▶ [WHAT YOU ARE ASKED TO DO]: In the listing below, the lines starting at the line with "来到主卧,首先映入眼帘的是一" and ending at the line with "杨幂的奶奶灰短发,不算帅气,感觉更像是cos二次元漫画美少女。" are to be output verbatim. Images stay out of the copy.

▶ [RECORDS SUPPLIED]:
········

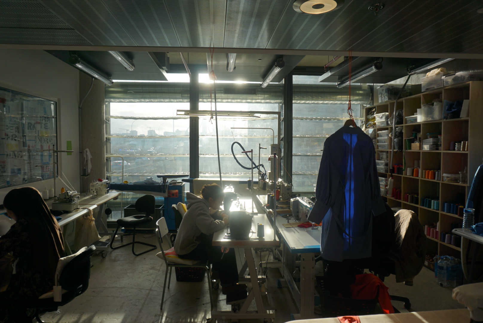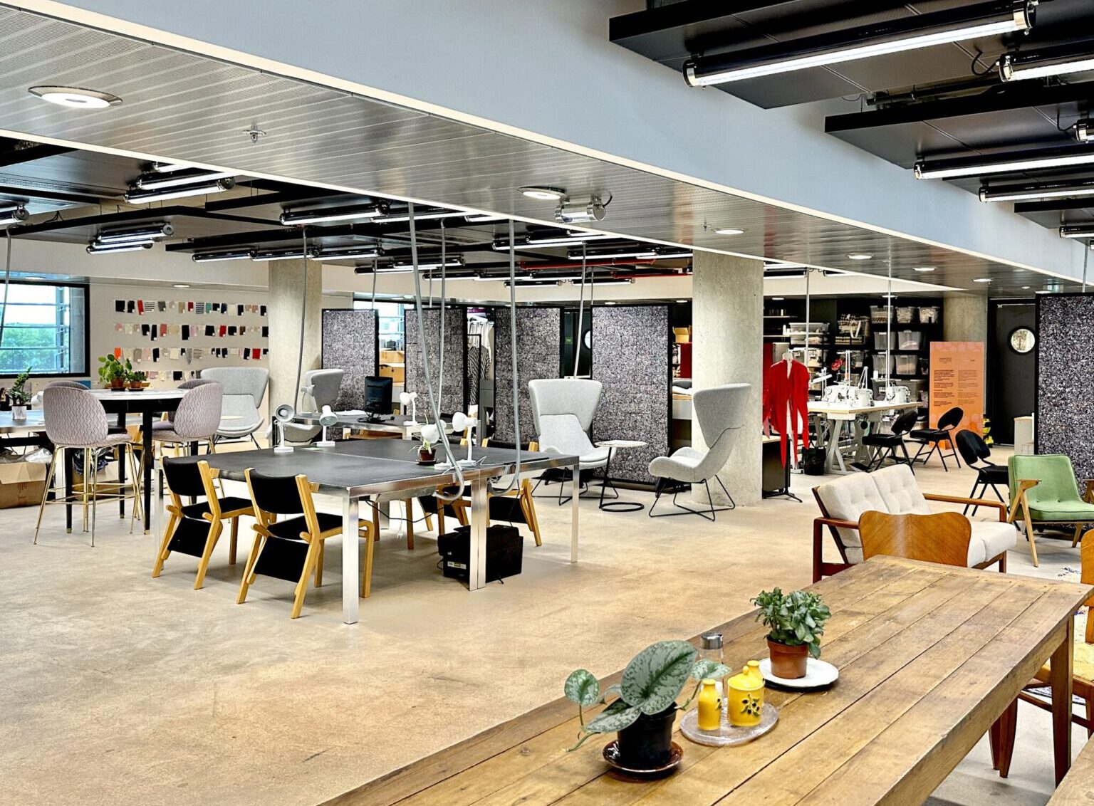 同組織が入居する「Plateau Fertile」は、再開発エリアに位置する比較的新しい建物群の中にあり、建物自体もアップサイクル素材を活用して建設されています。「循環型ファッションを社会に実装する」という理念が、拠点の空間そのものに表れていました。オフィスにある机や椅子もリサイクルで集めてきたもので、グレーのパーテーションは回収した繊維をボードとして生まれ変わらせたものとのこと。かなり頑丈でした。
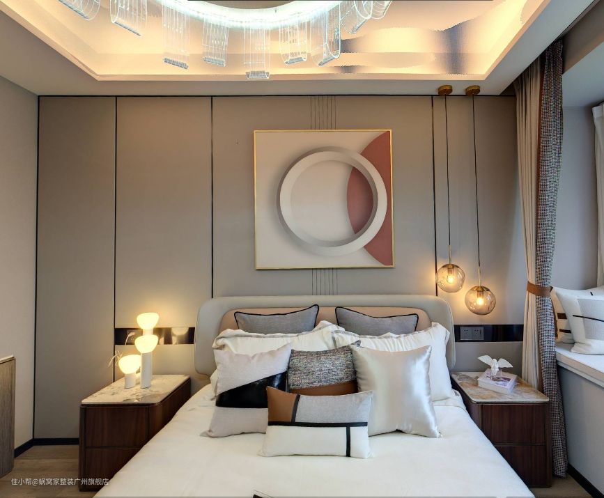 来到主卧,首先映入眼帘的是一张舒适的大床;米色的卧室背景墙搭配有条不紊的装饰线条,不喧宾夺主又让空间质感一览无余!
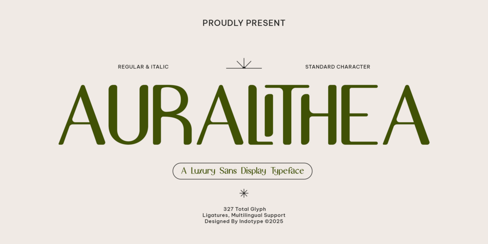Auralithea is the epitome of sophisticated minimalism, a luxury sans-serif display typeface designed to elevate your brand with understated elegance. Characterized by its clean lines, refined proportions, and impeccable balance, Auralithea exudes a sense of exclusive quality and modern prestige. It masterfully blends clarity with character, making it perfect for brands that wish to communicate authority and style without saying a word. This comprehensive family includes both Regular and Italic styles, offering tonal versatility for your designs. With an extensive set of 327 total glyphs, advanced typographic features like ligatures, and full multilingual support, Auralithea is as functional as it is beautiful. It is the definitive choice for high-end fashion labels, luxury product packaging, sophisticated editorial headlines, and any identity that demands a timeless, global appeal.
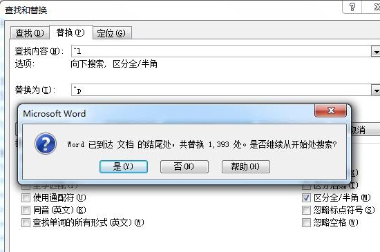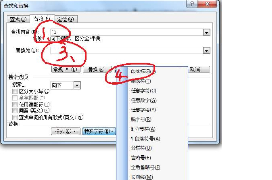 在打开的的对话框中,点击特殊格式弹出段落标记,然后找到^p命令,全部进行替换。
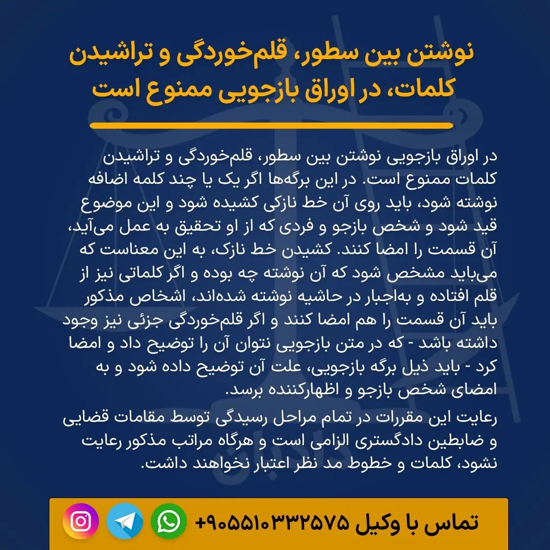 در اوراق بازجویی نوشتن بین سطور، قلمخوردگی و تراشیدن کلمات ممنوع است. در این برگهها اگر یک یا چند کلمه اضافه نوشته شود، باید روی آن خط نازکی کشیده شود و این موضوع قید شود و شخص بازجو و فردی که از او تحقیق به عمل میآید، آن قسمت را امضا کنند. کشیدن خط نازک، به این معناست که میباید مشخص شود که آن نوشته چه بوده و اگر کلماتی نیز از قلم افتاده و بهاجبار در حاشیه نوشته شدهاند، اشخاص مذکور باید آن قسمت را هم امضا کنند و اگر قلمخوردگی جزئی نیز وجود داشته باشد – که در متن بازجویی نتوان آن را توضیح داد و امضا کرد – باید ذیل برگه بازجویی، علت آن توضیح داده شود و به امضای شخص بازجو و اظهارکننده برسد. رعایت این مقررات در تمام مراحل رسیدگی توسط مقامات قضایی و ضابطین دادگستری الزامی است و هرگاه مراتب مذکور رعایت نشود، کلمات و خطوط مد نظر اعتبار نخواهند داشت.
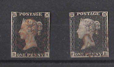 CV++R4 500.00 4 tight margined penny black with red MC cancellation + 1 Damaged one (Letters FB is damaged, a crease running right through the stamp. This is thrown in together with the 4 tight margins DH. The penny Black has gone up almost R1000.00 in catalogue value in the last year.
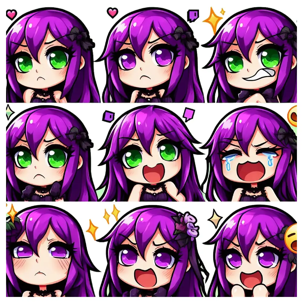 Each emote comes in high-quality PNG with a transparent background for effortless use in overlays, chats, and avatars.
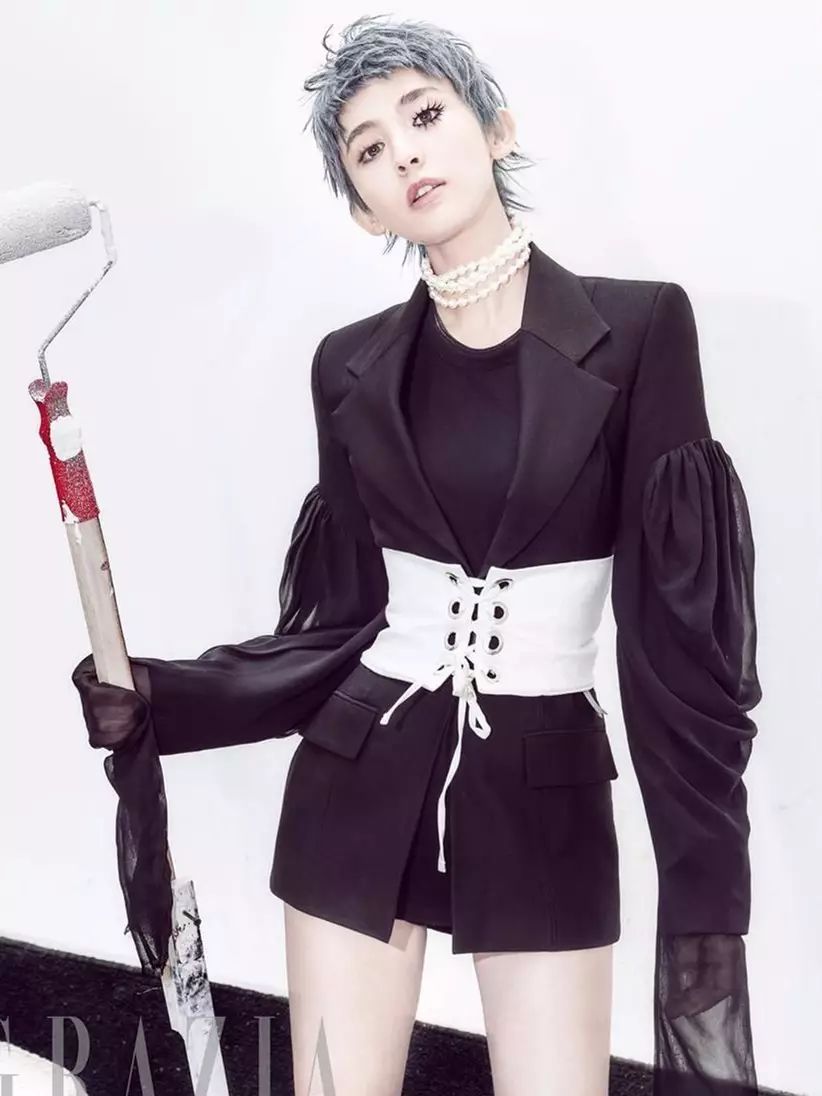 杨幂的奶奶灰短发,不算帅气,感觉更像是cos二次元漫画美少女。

········

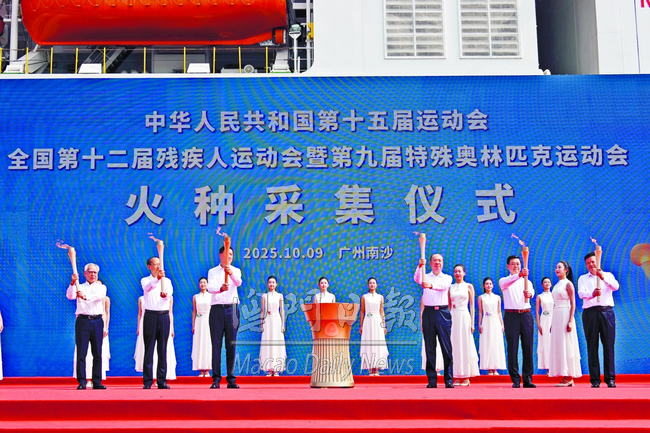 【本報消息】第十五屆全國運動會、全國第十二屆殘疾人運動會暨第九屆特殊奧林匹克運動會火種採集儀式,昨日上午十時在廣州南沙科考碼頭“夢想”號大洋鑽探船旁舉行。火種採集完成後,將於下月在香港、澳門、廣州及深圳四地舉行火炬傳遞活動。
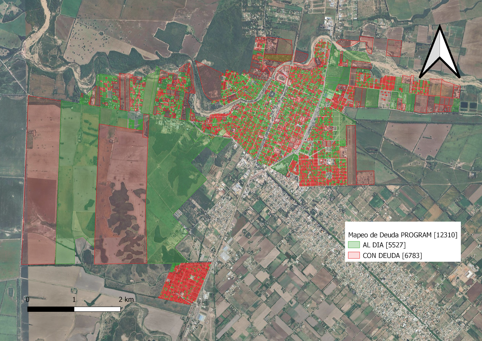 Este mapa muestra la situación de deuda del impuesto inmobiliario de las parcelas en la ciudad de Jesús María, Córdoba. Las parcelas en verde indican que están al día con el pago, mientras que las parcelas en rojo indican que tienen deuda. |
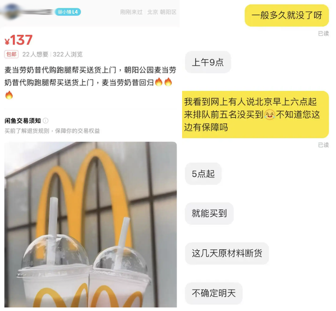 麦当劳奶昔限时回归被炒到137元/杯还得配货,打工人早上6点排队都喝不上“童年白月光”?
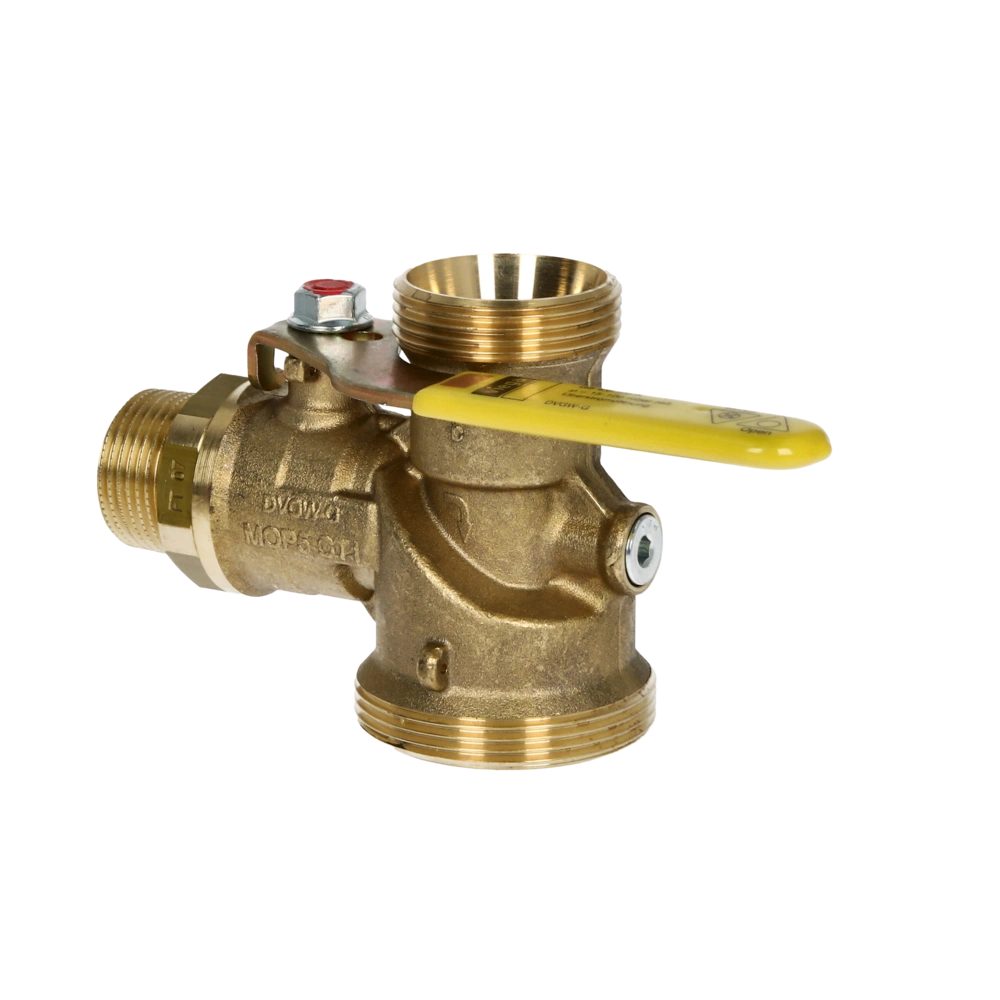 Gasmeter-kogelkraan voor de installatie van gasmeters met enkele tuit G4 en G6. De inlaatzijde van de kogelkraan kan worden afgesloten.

········

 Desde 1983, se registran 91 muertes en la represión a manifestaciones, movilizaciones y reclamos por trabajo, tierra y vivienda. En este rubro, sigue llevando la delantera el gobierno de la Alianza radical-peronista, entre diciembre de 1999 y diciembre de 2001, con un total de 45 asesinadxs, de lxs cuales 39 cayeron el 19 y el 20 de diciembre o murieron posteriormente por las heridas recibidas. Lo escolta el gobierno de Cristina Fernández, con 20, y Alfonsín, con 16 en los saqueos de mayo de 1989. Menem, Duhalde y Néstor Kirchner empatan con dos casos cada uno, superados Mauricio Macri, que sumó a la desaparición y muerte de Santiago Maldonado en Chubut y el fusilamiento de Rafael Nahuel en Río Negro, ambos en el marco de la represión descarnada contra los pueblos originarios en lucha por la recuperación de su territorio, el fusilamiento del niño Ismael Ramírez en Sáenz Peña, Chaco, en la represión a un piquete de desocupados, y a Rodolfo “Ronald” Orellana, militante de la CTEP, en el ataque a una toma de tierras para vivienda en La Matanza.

········

▶ [EXERCISE ANSWER]:
 来到主卧,首先映入眼帘的是一张舒适的大床;米色的卧室背景墙搭配有条不紊的装饰线条,不喧宾夺主又让空间质感一览无余!
Auralithea is the epitome of sophisticated minimalism, a luxury sans-serif display typeface designed to elevate your brand with understated elegance. Characterized by its clean lines, refined proportions, and impeccable balance, Auralithea exudes a sense of exclusive quality and modern prestige. It masterfully blends clarity with character, making it perfect for brands that wish to communicate authority and style without saying a word. This comprehensive family includes both Regular and Italic styles, offering tonal versatility for your designs. With an extensive set of 327 total glyphs, advanced typographic features like ligatures, and full multilingual support, Auralithea is as functional as it is beautiful. It is the definitive choice for high-end fashion labels, luxury product packaging, sophisticated editorial headlines, and any identity that demands a timeless, global appeal.
 在打开的的对话框中,点击特殊格式弹出段落标记,然后找到^p命令,全部进行替换。
 در اوراق بازجویی نوشتن بین سطور، قلمخوردگی و تراشیدن کلمات ممنوع است. در این برگهها اگر یک یا چند کلمه اضافه نوشته شود، باید روی آن خط نازکی کشیده شود و این موضوع قید شود و شخص بازجو و فردی که از او تحقیق به عمل میآید، آن قسمت را امضا کنند. کشیدن خط نازک، به این معناست که میباید مشخص شود که آن نوشته چه بوده و اگر کلماتی نیز از قلم افتاده و بهاجبار در حاشیه نوشته شدهاند، اشخاص مذکور باید آن قسمت را هم امضا کنند و اگر قلمخوردگی جزئی نیز وجود داشته باشد – که در متن بازجویی نتوان آن را توضیح داد و امضا کرد – باید ذیل برگه بازجویی، علت آن توضیح داده شود و به امضای شخص بازجو و اظهارکننده برسد. رعایت این مقررات در تمام مراحل رسیدگی توسط مقامات قضایی و ضابطین دادگستری الزامی است و هرگاه مراتب مذکور رعایت نشود، کلمات و خطوط مد نظر اعتبار نخواهند داشت.
 CV++R4 500.00 4 tight margined penny black with red MC cancellation + 1 Damaged one (Letters FB is damaged, a crease running right through the stamp. This is thrown in together with the 4 tight margins DH. The penny Black has gone up almost R1000.00 in catalogue value in the last year.
 Each emote comes in high-quality PNG with a transparent background for effortless use in overlays, chats, and avatars.
 杨幂的奶奶灰短发,不算帅气,感觉更像是cos二次元漫画美少女。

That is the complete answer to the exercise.